THE PROBLEM: After finding "Kamizelka powinna być" in the data, write out its line and all following lines without change, up to and including the last one. Leave out pictures.

[DATA BELOW]

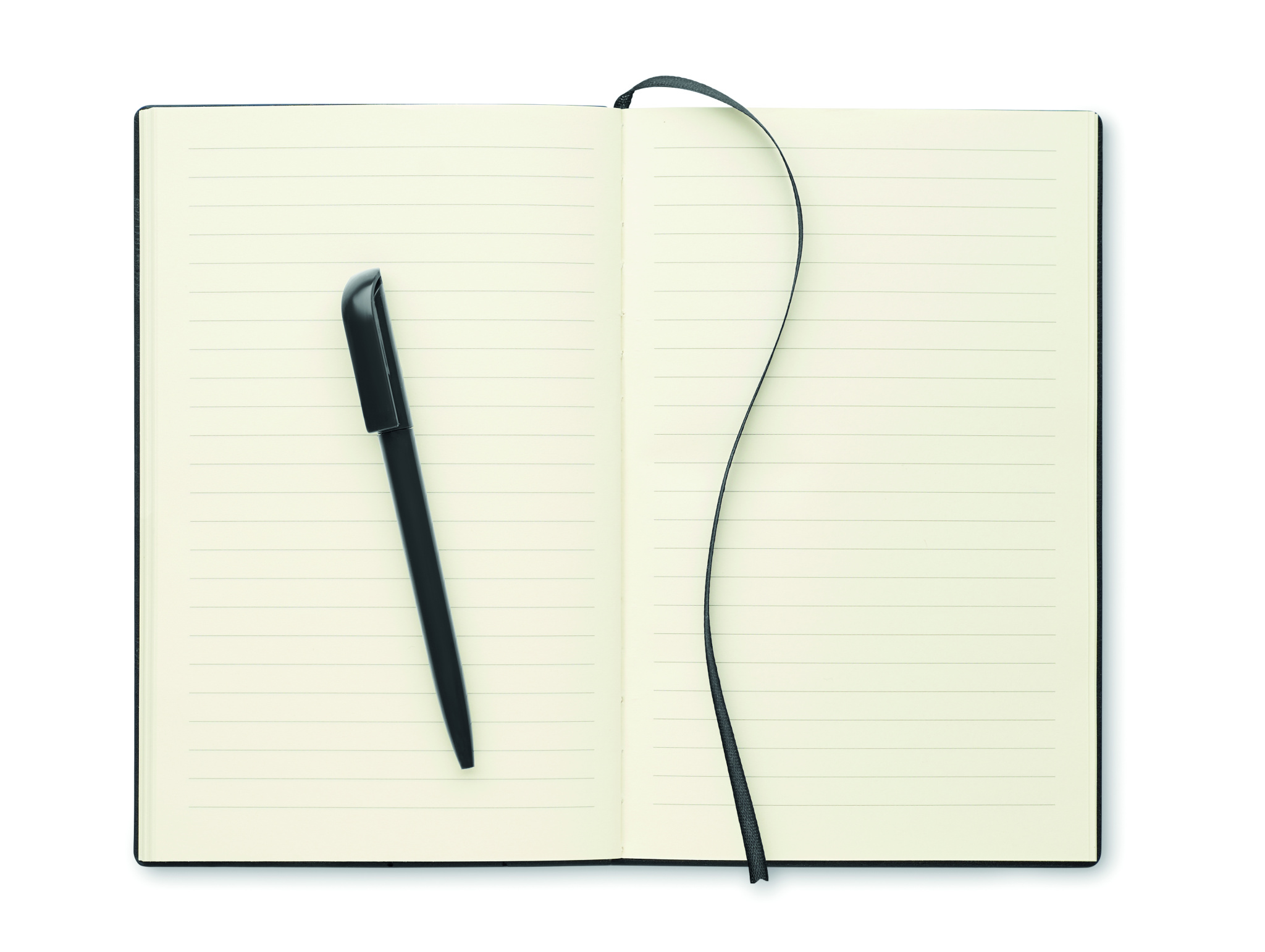 A5-kokoinen muistikirja strukturoidulla PU-kuorella ja ABS-kierrepallokynä selkä-kynäpidikkeen sisällä. Asia sidottu. 160 rivillistä sivua kierrätyspaperia (80 arkkia).
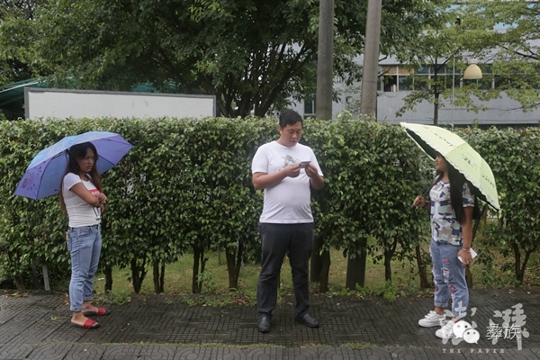 8月16日,东莞沙马伍合在工厂门口简单面试两位佤族工人,主要是看她们的身份证、年龄等基本信息,没有太大问题都能带进厂。
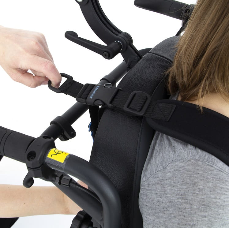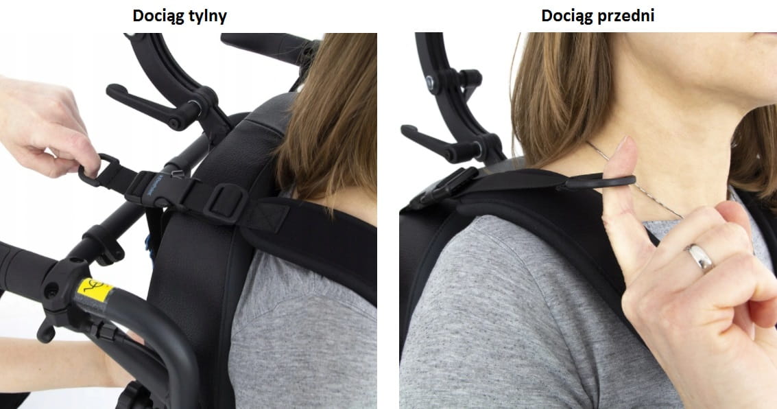 Kamizelka powinna być odpowiednio dopasowana, napięta i mocno dokręcona do wybranego elementu wózka, aby tułów użytkownika był stabilny i bezpieczny. Niewielkiej korekty dopasowania kamizelki można dokonać przy użyciu systemu Chwyć i Pociągnij™.
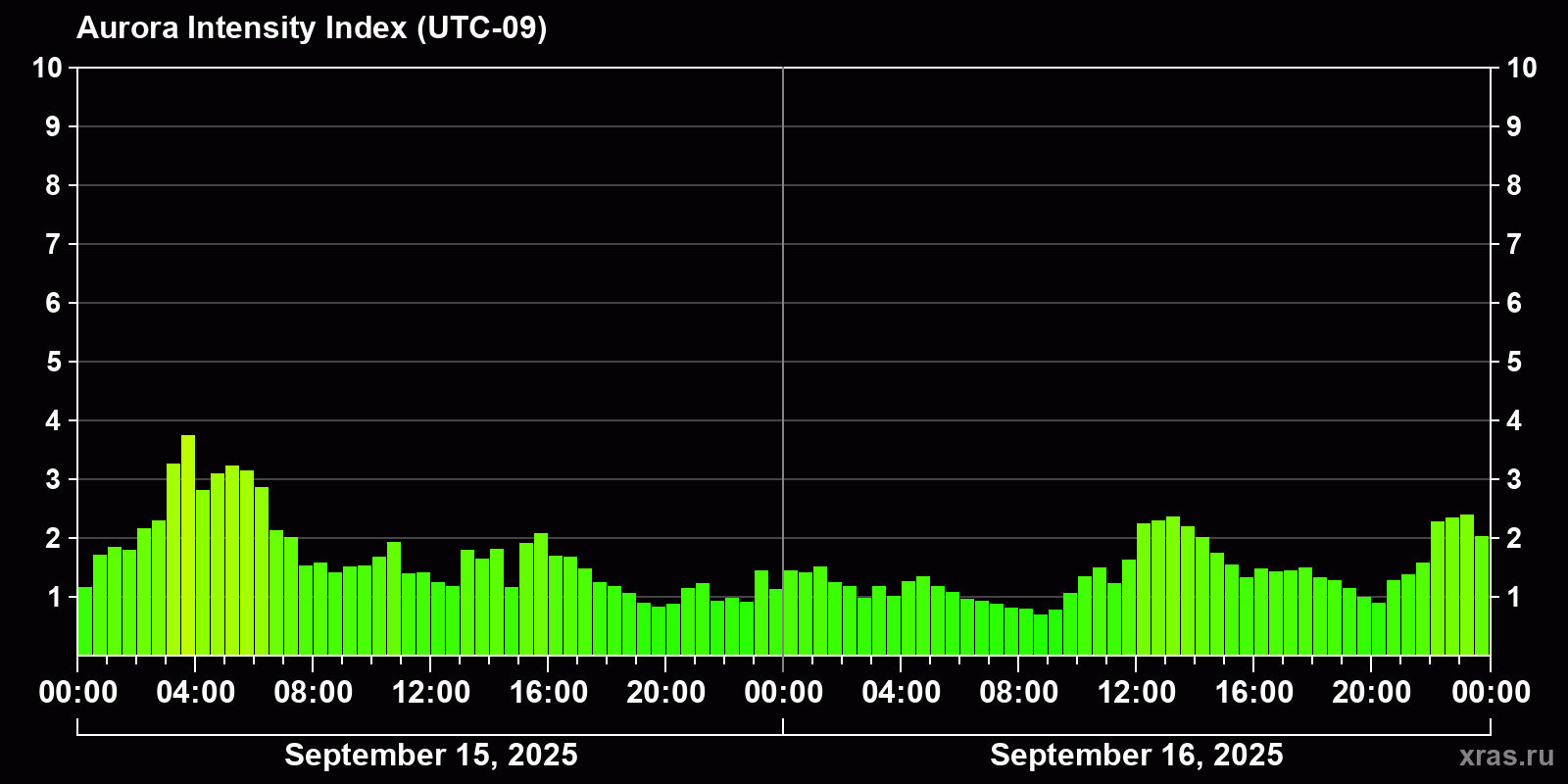 Changes in the auroral intensity index from 2025-09-15 to 2025-09-16 local time

[/DATA BELOW]

TASK OUTPUT:
 Kamizelka powinna być odpowiednio dopasowana, napięta i mocno dokręcona do wybranego elementu wózka, aby tułów użytkownika był stabilny i bezpieczny. Niewielkiej korekty dopasowania kamizelki można dokonać przy użyciu systemu Chwyć i Pociągnij™.
 Changes in the auroral intensity index from 2025-09-15 to 2025-09-16 local time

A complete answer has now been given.